BOSTON — While selonsertib did not demonstrate efficacy as a monotherapy in patients with nonalcoholic steatohepatitis-related advanced fibrosis, data from the trial provided key insights for future trial design and potential for selonsertib in combination therapy, according to data presented at The Liver Meeting 2019.

“It’s important to see what we can glean from a study of this magnitude,” Stephen A. Harrison, MD, medical director of Pinnacle Clinical Research in San Antonio, said during his presentation. “Data from these trials provide important information regarding the utility of liver biopsy and noninvasive tests as clinical trial endpoints and the natural history of NASH with advanced fibrosis.”

Selonsertib data

Selonsertib (Gilead) is a potent, selective small molecule inhibitor of ASK1 that, according to Harrison, showed beneficial effects on fibrosis regression and progression in phase 2 trials.

At a pre-planned efficacy analysis at week 48, both the STELLAR-3 trial including patients with NASH and bridging fibrosis and the STELLAR-4 trial including patients with NASH and compensated cirrhosis were stopped due to lack of efficacy, Harrison said during his presentation.

Neither the 6 mg or 18 mg dose of selonsertib led to significant improvement in the primary endpoint of improvement in fibrosis by one stage or more without worsening of NASH or the secondary endpoints of any fibrosis improvement or NASH resolution without worsening of fibrosis.

Informative conclusions

“There is an interesting phenomenon. If you put all 1,679 patients with advanced liver disease from both trials together, we can begin to draw some informative conclusions,” Harrison said. “Sixty percent of these cohorts together were female, 68% were obese, 74% were diabetic and over 80% had a [nonalcoholic fatty liver disease] score of 5 or more.”

Harrison noted that there are also some distinct differences between the bridging fibrosis population and the cirrhosis population, in which the aspartate aminotransferase/alanine aminotransferase ratio flips from less than 1 to more than 1.

“We wanted to see if we hit target engagement, despite the fact that the studies did not meet their primary endpoints,” Harrison continued.

In a post-hoc analysis of STELLAR-4 patients, the researchers found that both the 6 mg (–73 vs. –33; P = .045) and 18 mg doses (–78 vs. –33; P = .009) showed a greater reduction in the phospho-P38 area compared with placebo. Doses of 6 mg (–45 vs. 8; P = .017) and 18 mg (–63 vs. 8; P = .001) also showed a reduction in phospho-P38 nuclei.


Selonsertib was safe and well-tolerated among patients and adverse events including grade 3 and grade 4 events occurred at similar rates between both study arms and either dose.

Harrison pointed to data showing that patients with lower Enhanced Liver Fibrosis (ELF) scores at baseline were less likely to have overall disease progression and more likely to meet the primary endpoint.

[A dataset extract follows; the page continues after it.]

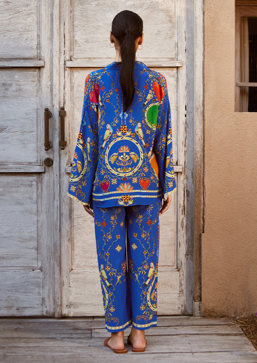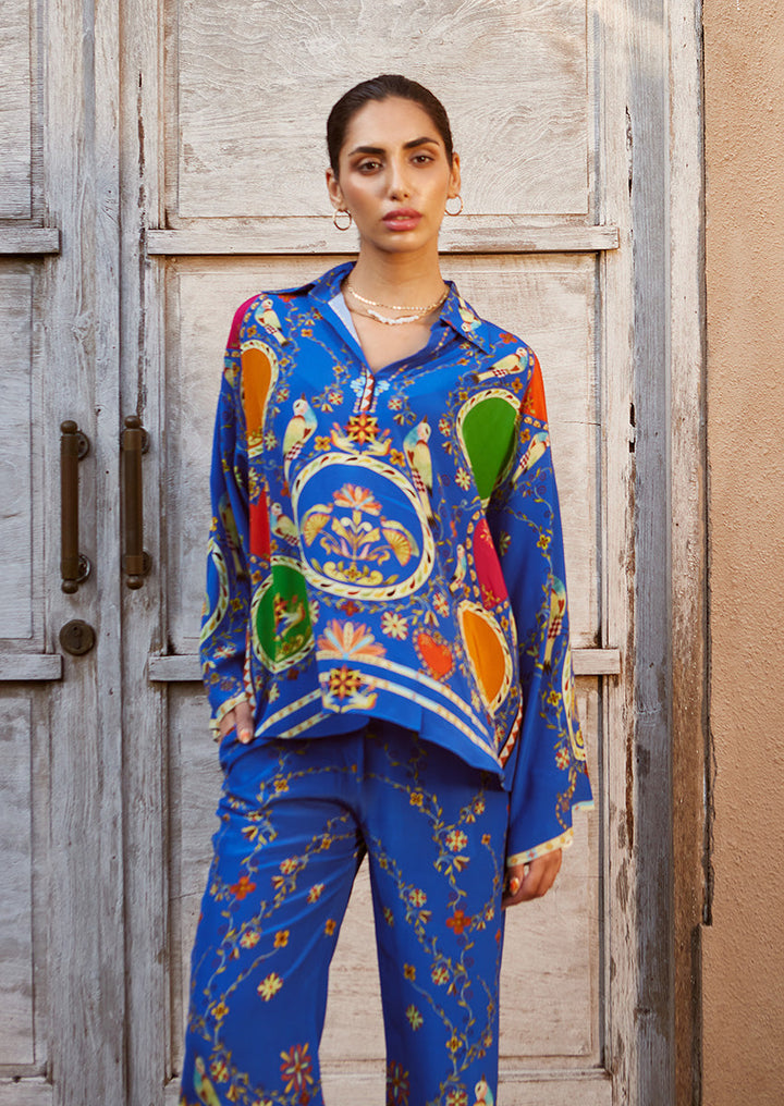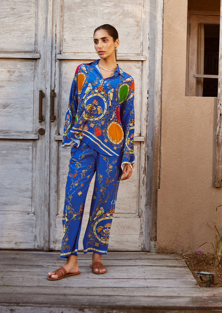 Embrace effortless elegance with this cobalt-hued crepe co-ord set, designed with a focus on archival prints. With its relaxed fit and subtle edge, this ensemble captures the essence of laid-back luxury while staying true to our aesthetic.

“This has implications for the way we design clinical trials in the future, particularly if you’re enrolling patients with mild fibrosis and you enroll them with low ELF scores. A high percentage of those people may improve spontaneously,” he said. – by Talitha Bennett

Reference: Harrison SA. Abstract 0064. Presented at: The Liver Meeting; Nov. 7-12, 2019; Boston.

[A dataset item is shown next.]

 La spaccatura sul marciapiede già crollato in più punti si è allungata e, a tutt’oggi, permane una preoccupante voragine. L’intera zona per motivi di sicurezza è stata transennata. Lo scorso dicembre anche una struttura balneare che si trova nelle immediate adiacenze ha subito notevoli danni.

Disclosure: Harrison reports he is a consultant for 3VBio, Akero, Albereo, Axcella, Blade Therapeutics, Bristol-Myers Squibb, Cirius, Civi, CLDF, ConSynance, ContraVir, Corcept, CymaBay, Echosens, Galectin, Galmed, Gilead, HighTide, HistoIndex, Innovate, Intercept, IQVIA, Lipocine, Madrigal, Medpace, Metacrine, NGM, Novartis, Novo Nordisk, Perspectum, Pfizer, Poxel, PPD, Prometheus, Prometic and Terns; is on the speakers bureau with Alexion; and has received research support from Allergan, Axcella, Cirius, Conatus, CymaBay, Galectin, Galmed, Genfit, Gilead, HighTide, Immuron, Intercept, Madrigal, NGM, Novartis, Novo Nordisk, Pfizer, Second Genome and Tobira. This study was funded by Gilead.